I previously wrote about how Scientific English is a specialized form of language used in formal presentations and publications. It is rich in ‘rare’, or extremely low frequency words, and the colocations that define them (i.e. we ‘sequence a genome’ or ‘stretch of ‘DNA’). Learning to comprehend the meaning of such formal language requires considerable exposure and writing it well truly exercises one’s knowledge of the ‘long tail’ of vocabulary.
By contrast, ‘the’ is the most common word in English and we use ‘a’ and ‘or’ in the above examples all the time. High and low frequency words can easily be identified by getting computers to do the heavy lifting counting and frequencies vary considerably. In the 560-million-word Corpus of Contemporary American English (COCA) (the list of the first 5,000 words is free) one can look up the rank of any word. In this corpus, for example, ‘attic’ is 7309, ‘unsparing’ is 47309, and ‘embryogenesis’ is 57309.

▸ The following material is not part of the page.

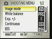 - Image Mode: Sets the image resolution and compression. Choices are 5M High (2,592 x 1,944 pixels), 5M Normal (2,592 x 1,944 pixels), 3M (2,048 x 1,536 pixels), PC Screen (1,024 x 768 pixels), and TV (640 x 480 pixels).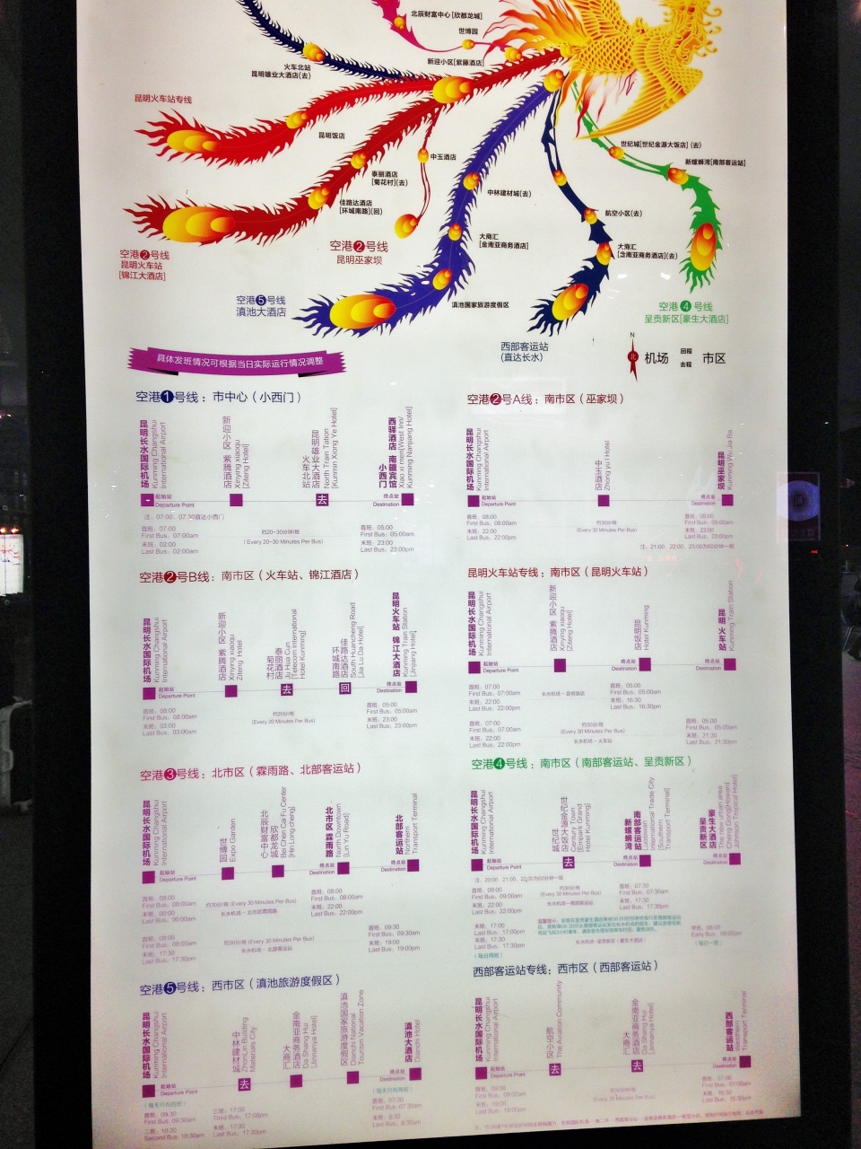 昆明~元陽行きの便を利用しました。市内からのアクセスはあまりよくなく、最近やっと地下鉄が開通したようですが朝早く/夜遅くは動いておらず、昆明の中心からは結局タクシー利用が一番早いです。昆明駅からここまで30元ちょっとでした。

This considerable variation has many ramifications for language acquisition and use. A developmental biologist might require the word ‘embryogenesis’, but no one would think of it as the first word to learn in another language (that word is actually thank you). Of course, context defines utility, but in general ‘frequency’ is a hard and fast rule: one will encounter ‘cat’ long before ‘catnip’, ‘dog’ before ‘dogcatcher’, and cat and dog repeatedly before ‘armadillo, aardvark, or baleen whale’.
The nature of the word frequency curve offers good and bad news to language learners. On the positive side, analysis of the distribution of frequencies yields a surprising statistic: the 100 most common words in English make up all 50% of spoken and written language. One can get a long way by learning the front of the curve.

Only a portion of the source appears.